Rubrico v. Macapagal-Arroyo (G.R. No. No. 183871, February 18, 2010): Court upheld
the exclusion of President Gloria Macapagal-Arroyo, maintaining that presidential
immunity from suit despite not being expressly reserved in the 1987 Constitution and
declared that the President could not be sued during her tenure in a petition for the
issuance of the writ of amparo against military, police personnel and the Office of the
Ombudsman and including President Arroyo.
Balao v. Macapagal-Arroyo (G.R. No. 186050, December 13, 2011): Court ruled that
RTC had erred in holding that Presidential immunity could not be invoked in amparo
proceedings

While the concept of immunity from suit originated elsewhere, the ratification of the
1981 constitutional amendments and the 1987 Constitution made our version of
presidential immunity unique. Section 15, Article VII of the 1973 Constitution, as
amended, provided for immunity at two distinct points in time: 1. Immunity during the
tenure of the President 2. Thereafter. Framer’s intended during tenure.
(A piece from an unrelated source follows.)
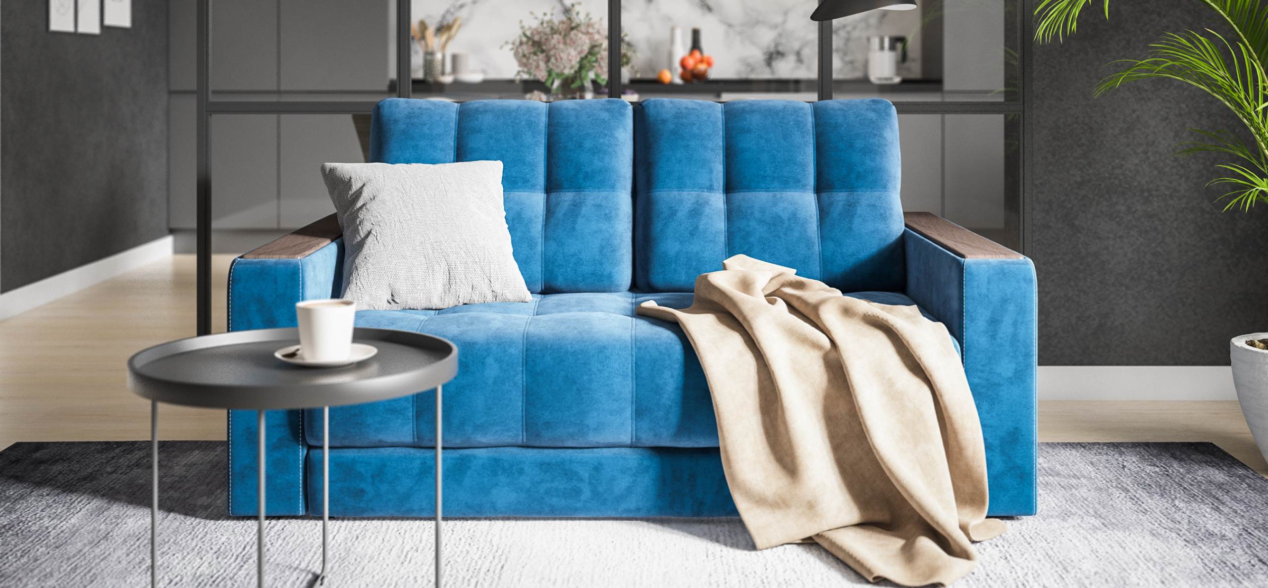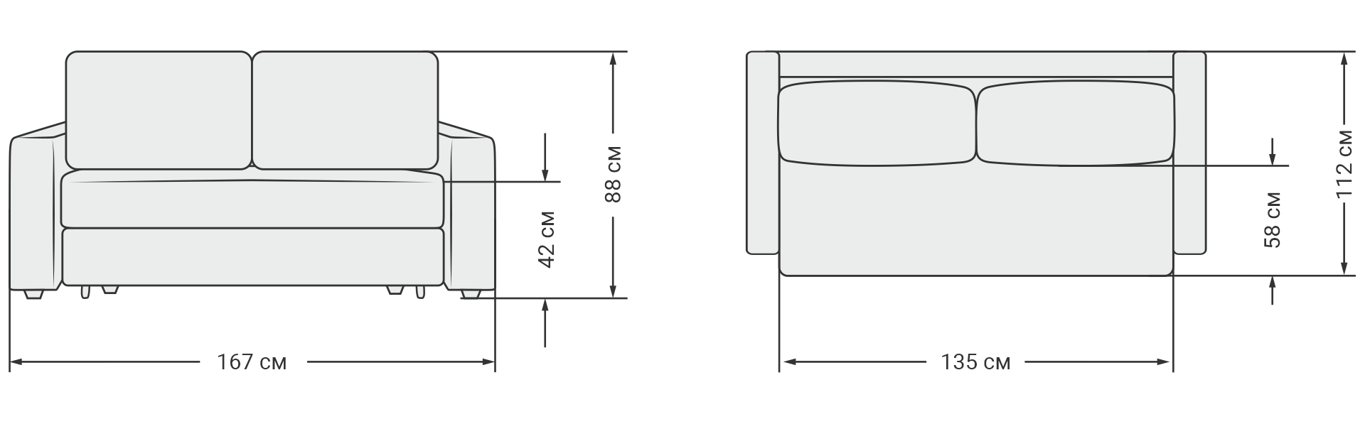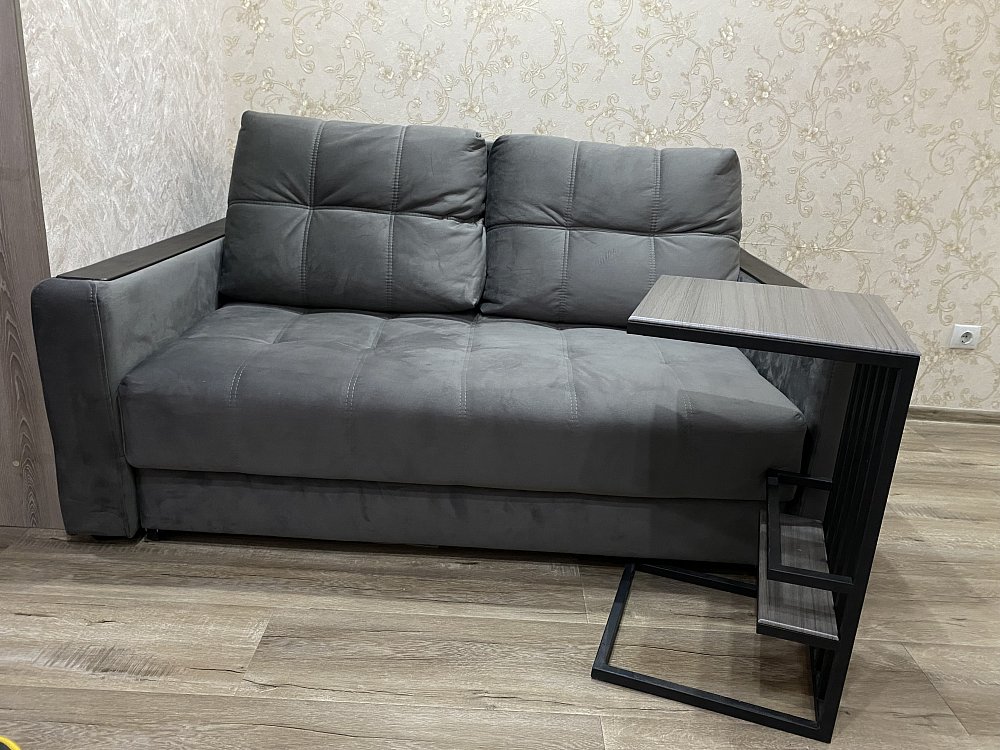 Диван компактный, но на двух человек места достаточно. Ткань чистится без проблем обычной щеткой.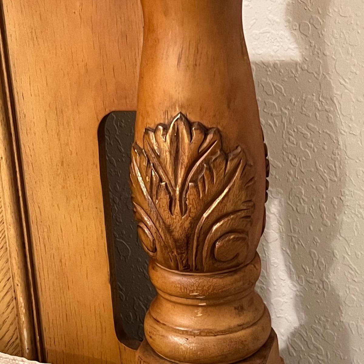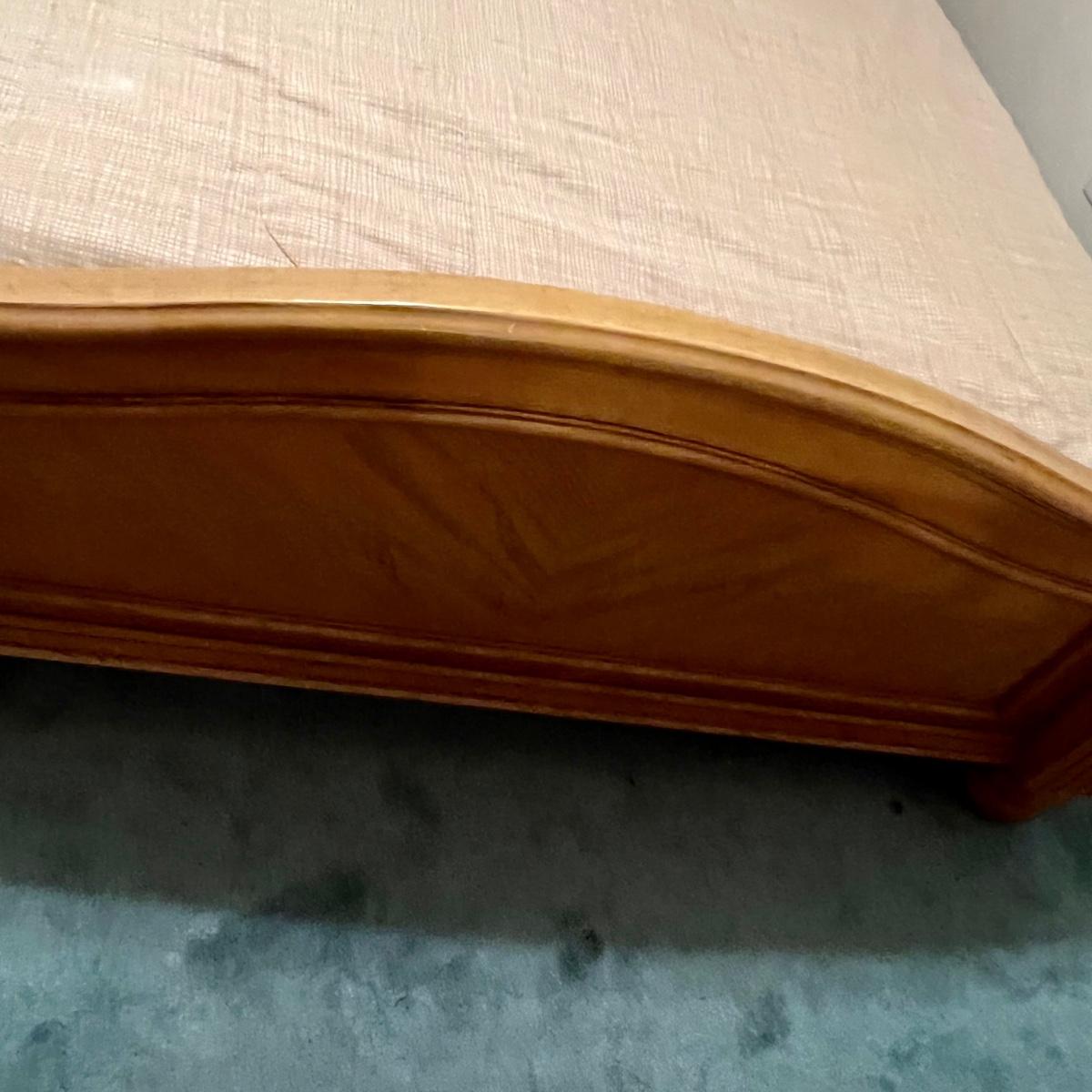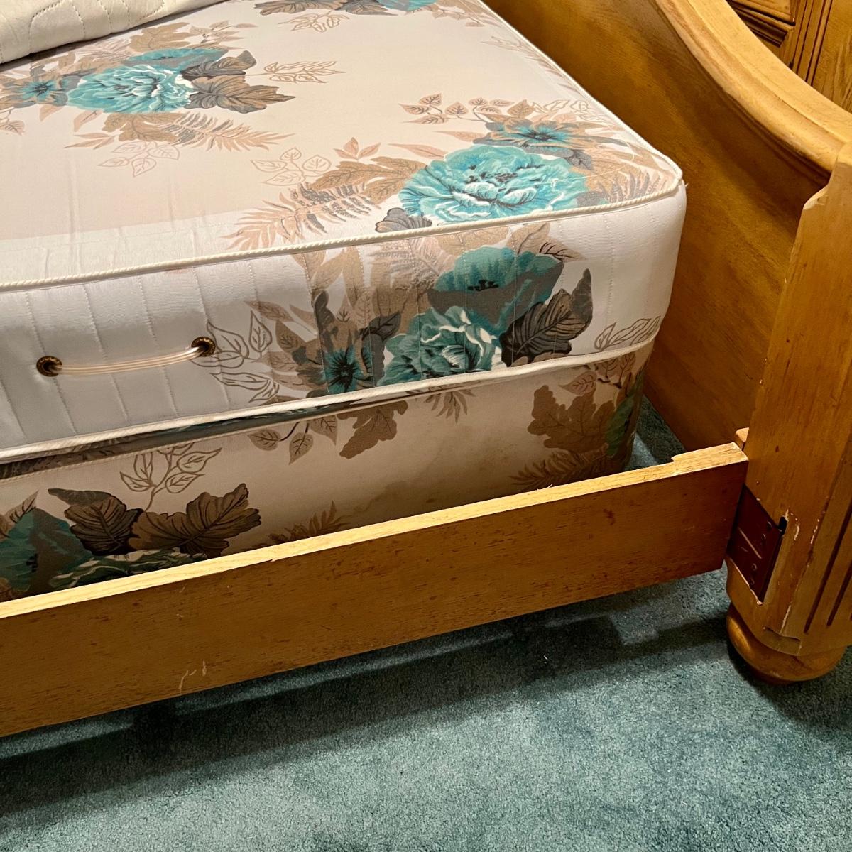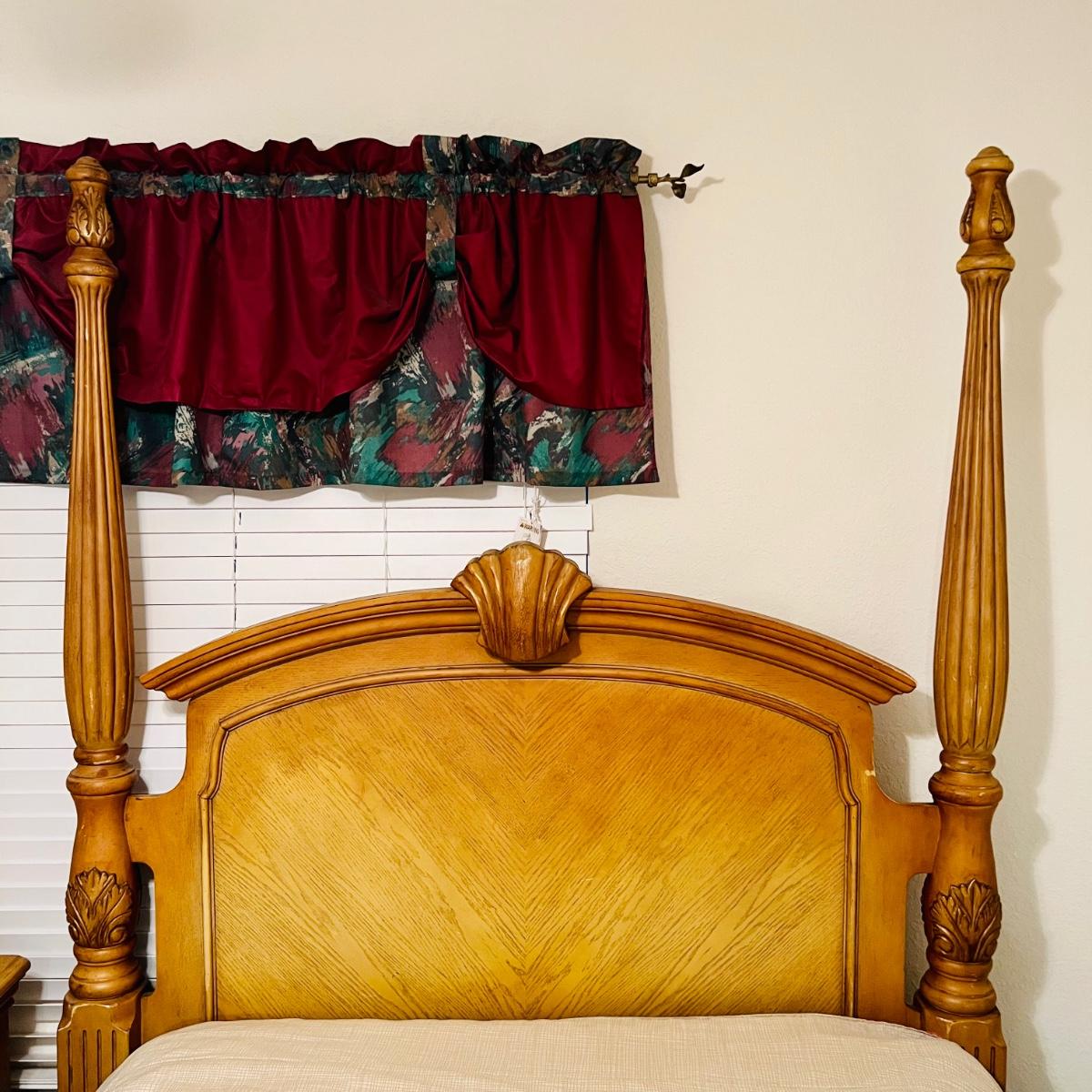 Honey Oak Wood queen size bed-frame, headboard and footboard. Detailed carvings on posts with decorative shell on headboard. Frame meas. 64”w. Posts at head of bed meas. 79”h with posts at foot meas. 48”h. Mattress currently sits 23” off the ground. Some wear on posts. Local pickup only. Matching dresser and nightstands available. Furniture is heavy. Please bring help to move.

Presidential immunity does not hinge on the nature of the suit. It is not intended to
immunize the President from liability or accountability.
Rationale for the grant of immunity stated in Soliven v. Makasiar (G.R. No. 82585,
82827, 83979, November 14, 1988): To assure the exercise of Presidential duties and
functions fee from any hindrance of distraction, considering that being the Chief
Executive of the Government is a job that aside from requiring all of the office-holder’s
time, also demands undivided attention.
Rationale expanded in David v. Macapagal-Arroyo: It will degrade the dignity of the high
office of the President, the Head of State, if he can be dragged into court litigations
while serving as such. Furthermore, it is important that he be freed from any form of
harassment, hindrance or distraction to enable him to fully attend to the performance of
his official duties and functions. Unlike the legislative and judicial branch, only one
constitutes the executive branch and anything which impairs his usefulness in the
discharge of the many great and important duties imposed upon him by the Constitution
necessarily impairs the operation of the Government. However, this does not mean that
the President is not accountable to anyone. Like any other official, he remains
accountable to the people but he may be removed from office only in the mode provided
by law and that is by impeachment.
Passage in Soliven was made only to point out that it was the President by virtue of the
office and may be invoked only by the holder of the office; not by any other person in
the President’s behalf and that it was the President who had gone to court as the
complainant
If the Court were to first require the President to respond to each and every complaint
brought against him, and then avail himself of presidential immunity on a case to case
basis, then the rationale for the privilege – protecting the President from harassment,
hindrance or distraction in the discharge of his duties – would very well be defeated.
Constitution provides remedies for violations committed by the Chief Executive except
an ordinary suit before the courts. The Chief Executive must 1st be allowed to end his
tenure (not his term) either through resignation or removal by impeachment.